For autophagic flux analysis, we used the autophagy LC3-HiBiT Reporter vector (Promega, GA2550) encoding a fusion protein consisting of human LC3B, a small N-terminal 11 amino acid HiBiT tag, and an intervening proprietary spacer region that enhances reporter specificity for the autophagic pathway. It utilizes the constitutive HSV-TK promoter with PyF101 enhancer for low-to-moderate expression of the reporter in mammalian cells. Cells were transfected with the reporter vector using Lipofectamine 2000 (Invitrogen) and selected with Geneticin (Gibco) at 800 µg ml−1. Stably transfected LC3-HiBiT reporter cell lines were maintained in 400 µg ml−1 Geneticin and seeded on 96-well plates for analysis. Increasing concentrations of metabolic drugs (2DG, DCA, Met, Phen) were applied the next day and LC3-HiBiT reporter activity was measured after 6 hours using the Nano-Glo HiBiT Lytic Detection System (Promega, N3040) and an Orion II luminometer (Berthold) according to the manufacturer’s protocol. A decrease in LC3-HiBiT reporter activity reflects autophagic LC3 degradation and serves as a measure of autophagy induction. In other experiments, chloroquine was used to block autophagosome-lysosome fusion and prevent LC3-HiBiT reporter degradation, which resulted in reporter accumulation. Basal autophagy levels were assessed by LC3-HiBiT reporter accumulation in response to increasing doses of chloroquine for 6 hours. A metabolic drug-induced increase of reporter activity in the presence of chloroquine (50 µm) therefore served as a measure for autophagic flux stimulation. To assess the impact of endogenous mTOR activity on drug-induced autophagy, LC3-HiBiT reporter assays were conducted in cells treated with AZD8055 (0.5 µm). Chloroquine and AZD8055 treatment was started 48 hours before the 6 hour-treatment with metabolic drugs. Following background subtraction, luminescence signals were normalized to untreated samples.
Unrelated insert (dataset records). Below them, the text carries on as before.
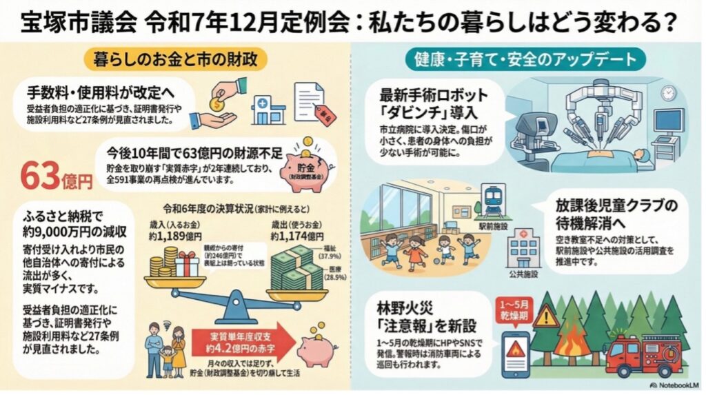 今回の議会では、行財政改革、受益者負担の適正化、決算認定、市立病院の予算など、市民の皆さまの暮らしに直結する重要な議論が交わされました。副議長として立場から、また一人の議員として市政を見つめてきた立場から、今回の議会で何が議論され、それが皆さまの暮らしにどうつながるのかをお伝えしたいと思います。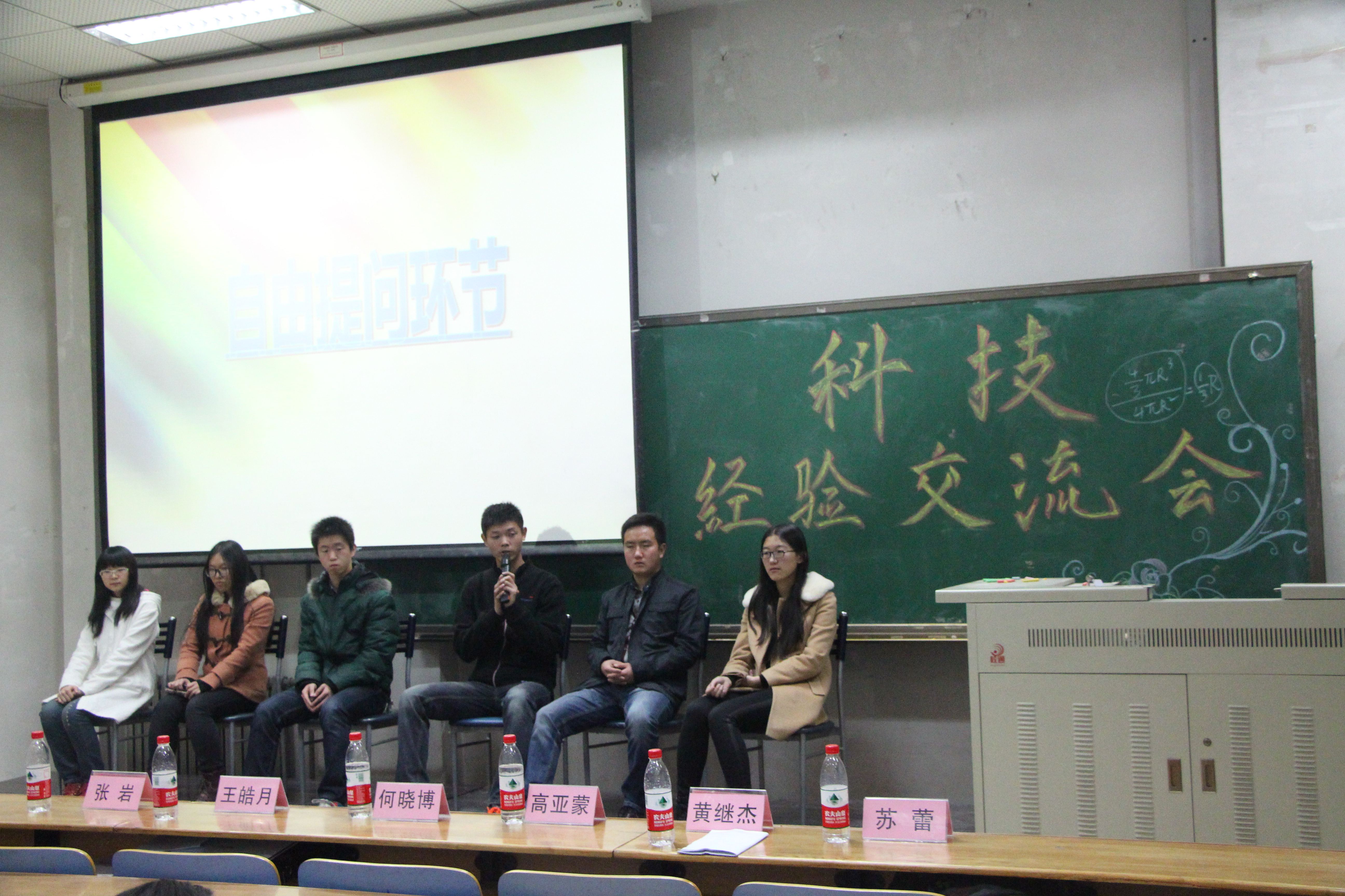 本网保定讯:3月15日晚,由经管系学生会、经管系科技创新协会主办的科技经验交流会在教十b101成功举办。苏蕾、黄继杰、高亚蒙、何晓博、王皓月、张岩六位在各项科技大赛中获得不俗成绩的华电学子作为嘉宾参加了本次经验交流会。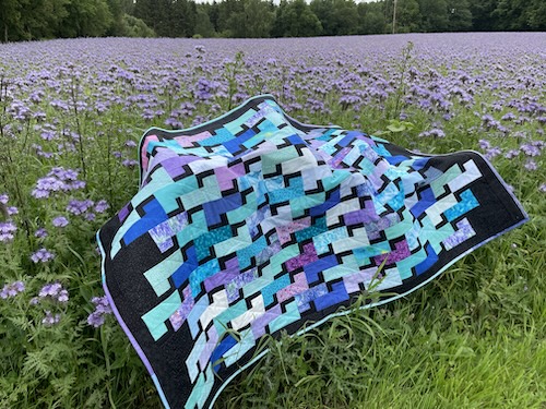 Har quiltet diagonalt med en meleret quiltetråd igennem de store rektangler.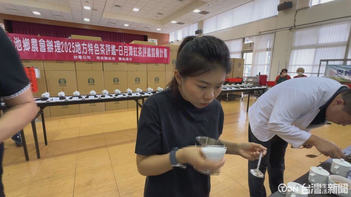 ▲每年魚池鄉農會的紅茶評鑑,除了評選出優質紅茶之外,評鑑的過程也開放茶農參加,今年有兩位茶農第二代擔任工作人員,他們把握機會學習品茶/記者 范宏坤 攝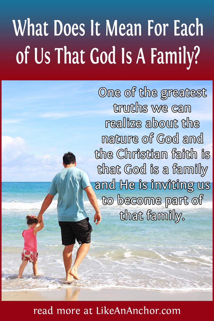 One of the greatest truths we can realize about the nature of God and the Christian faith is that God is a family and He is inviting us to become part of that family. God’s most-used analogies for how He relates to us are family-based, focusing on marriage and children. Both the Father and Son deeply desire a relationship with us and to make us part of Their family. In fact, as far as we can tell, that’s the main reason They created people in the first place.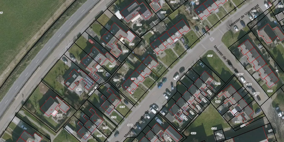 Het perceel waarop Meester de Vriesstraat 24 staat heeft een oppervlakte van 653 m². Dit is een groot perceel. De perceeloppervlakte wordt geregistreerd door het Kadaster. Gedetailleerde informatie over de maten van dit perceel kunt u vinden in het rapport Kadastrale kaart met maatvoering van Meester de Vriesstraat 24.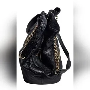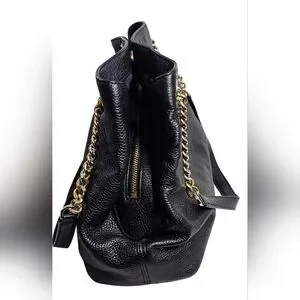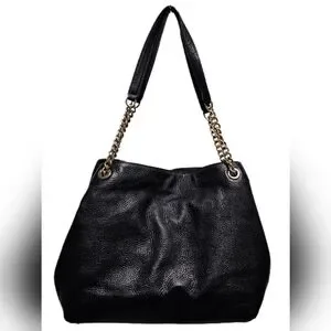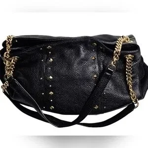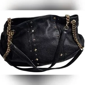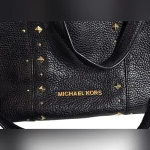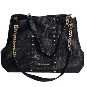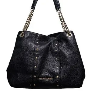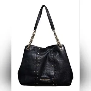 Michael Kors Jet Set Studded Leather Black Handbag Shoulder Tote Travel Bag Chic

Cess were plated at 50–80% confluence 1 day before transfection. siRNAs were obtained from Dharmacon and used for transfection with Lipofectamine RNAiMAX reagent (Invitrogen) at a final concentration of 20 nm according to the manufacturer’s instructions. siRNA sequences: TSC1/2-si1: CGACACGGCUGAUAACUGA and GCAUUAAUCUCUUACCAUA, TSC1/2-si2: CGGCUGAUGUUGUUAAAUA and GGAUUACCCUUCCAACGAA, mTOR-si1: GGCCAUAGCUAGCCUCAUA, mTOR-si2: GCAGAAUUGUCAAGGGAUA, ATG7-si1: GAUCUAAAUCUCAAACUGA, ATG7-si2: CCAACACACUCGAGUCUUU, ATG7-si3: GCCAGAGGAUUCAACAUGA, ATG14-si1: CGGGAGAGGUUUAUCGACA, ATG14-si2: GCUCAGAAAUGCAGCGCAG, ATG14-si3: CAUUAUGAGCGUCUGGCAA, ATG14-si4: GAUAAAUCAUUCAGAGGUU, FIP200-si1: GGAGUGGGCUGGUGCUUUA, FIP200-si2: AAACUACGAUUGACACUAA, FIP200-si3: GCAAAGAAAUUAGGGAAUC, FIP200-si4: UAAACUUGACGGACUAAUA, RUBCN-si1: CGGGAUUAGAUUAGCGUUA, RUBCN-si2: CAUGAGACCUCGAGCGAAC, RUBCN-si3: GAGAAUAGGACUACGUCAU, RUBCN-si4: CCCUGGAAGCUGAGCGGAA, RPTOR-si1: UGGCUAGUCUGUUUCGAAA, RPTOR-si2: UGGAGAAGCGUGUCAGAUA, RICTOR-si1: GAAGAUUUAUUGAGUCCUA, RICTOR-si2: GGGAAUACAACUCCAAAUA, non-silencing si (nsi): UGGUUUACAUGUUUUCUGA.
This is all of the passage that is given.